### Data for analysis
_ _ _
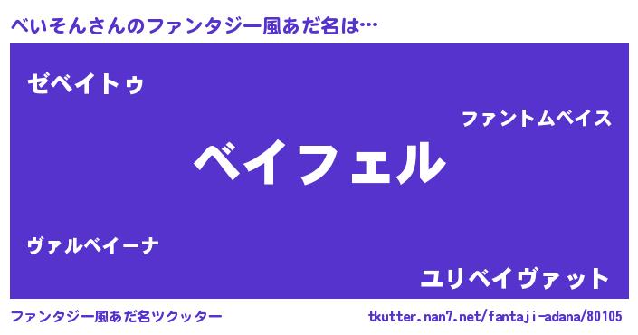 | ポケモン風あだ名 | 『ベイチュウ』『ベイセウス』 |
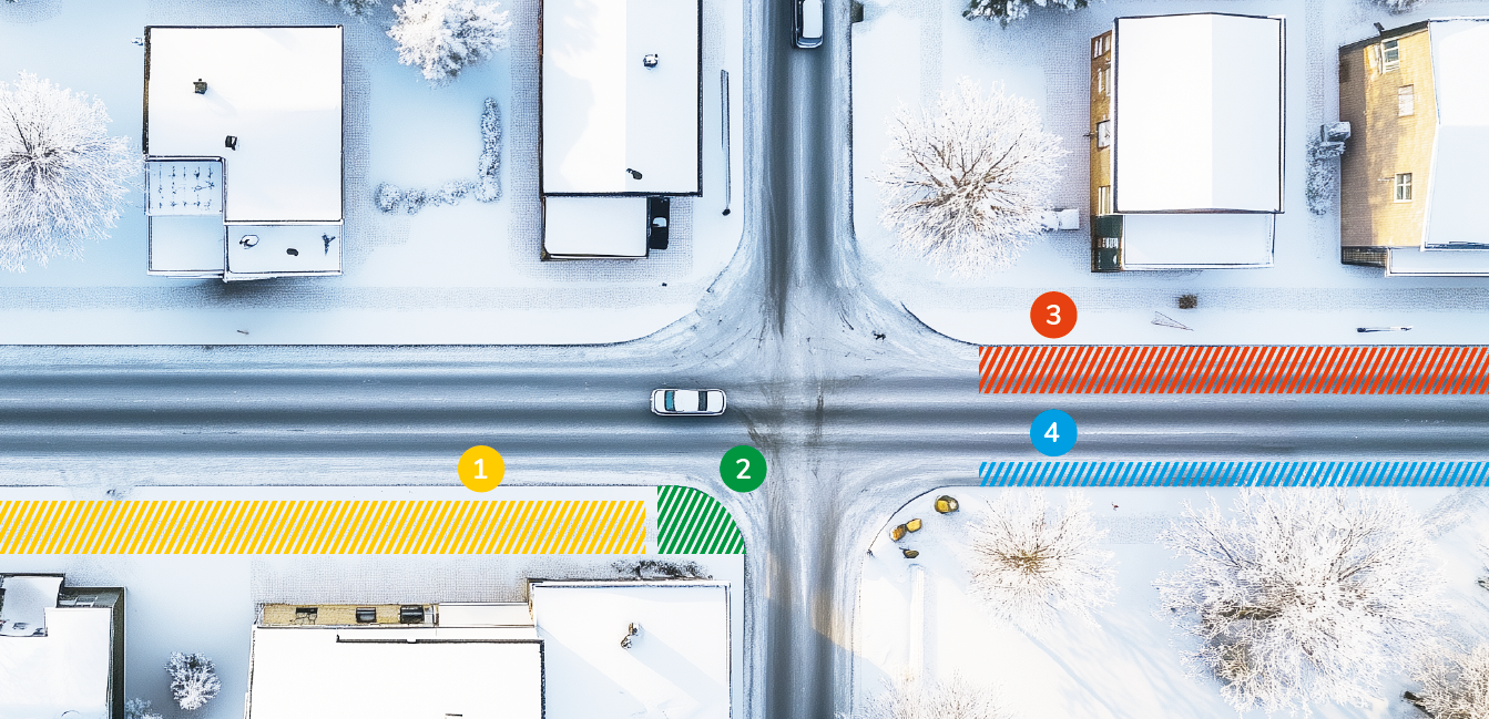 Sie müssen auf Gehwegen entlang des Grundstücks einen Streifen räumen oder streuen, der mindestens einen Meter breit ist (1). Ist der Gehweg schmaler ist er komplett zu räumen. An Kreuzungen ist bis zum Fahrbahnrand zu räumen oder zu streuen (2). Wenn kein Gehweg am Grundstück entlangführt, ist ein Bereich der Straße zu räumen oder zu streuen (4). Den Schnee dürfen Sie dabei nicht auf die Straße schieben (3). Der Winterdienst würde ihn dann nur wieder auf Ihren Gehsteig oder Ihr Grundstück zurückschieben.
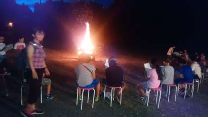 マキノ高原の夜、火と山の神を囲んで。みなさん、盛り上がってますか?
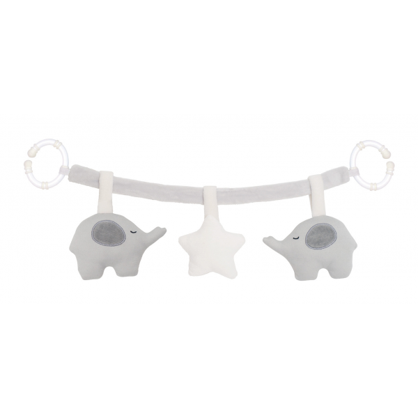 Urocza zawieszka szary słoń, łańcuch grzechotek do wózka marki Jabadabado to idealna zabawka dla małych odkrywców, zapewni wiele wrażeń. Poszczególne elementy: słoń i gwiazda wydają ciche dźwięki i szeleszczą.
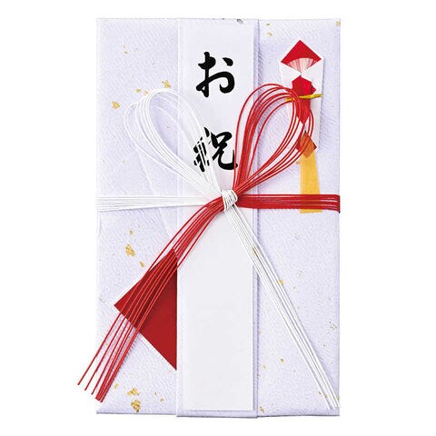 金銀振りの檀紙を使用した、婚礼以外の御祝事全般の金包みとして最適な赤白7本花結びの大判タイプ金封です。
_ _ _
### Task statement
Beginning with the line that contains "Sie müssen auf" and ending with the last line of the data, transcribe each line exactly; pictures stay out.

### Answer
 Sie müssen auf Gehwegen entlang des Grundstücks einen Streifen räumen oder streuen, der mindestens einen Meter breit ist (1). Ist der Gehweg schmaler ist er komplett zu räumen. An Kreuzungen ist bis zum Fahrbahnrand zu räumen oder zu streuen (2). Wenn kein Gehweg am Grundstück entlangführt, ist ein Bereich der Straße zu räumen oder zu streuen (4). Den Schnee dürfen Sie dabei nicht auf die Straße schieben (3). Der Winterdienst würde ihn dann nur wieder auf Ihren Gehsteig oder Ihr Grundstück zurückschieben.
 マキノ高原の夜、火と山の神を囲んで。みなさん、盛り上がってますか?
 Urocza zawieszka szary słoń, łańcuch grzechotek do wózka marki Jabadabado to idealna zabawka dla małych odkrywców, zapewni wiele wrażeń. Poszczególne elementy: słoń i gwiazda wydają ciche dźwięki i szeleszczą.
 金銀振りの檀紙を使用した、婚礼以外の御祝事全般の金包みとして最適な赤白7本花結びの大判タイプ金封です。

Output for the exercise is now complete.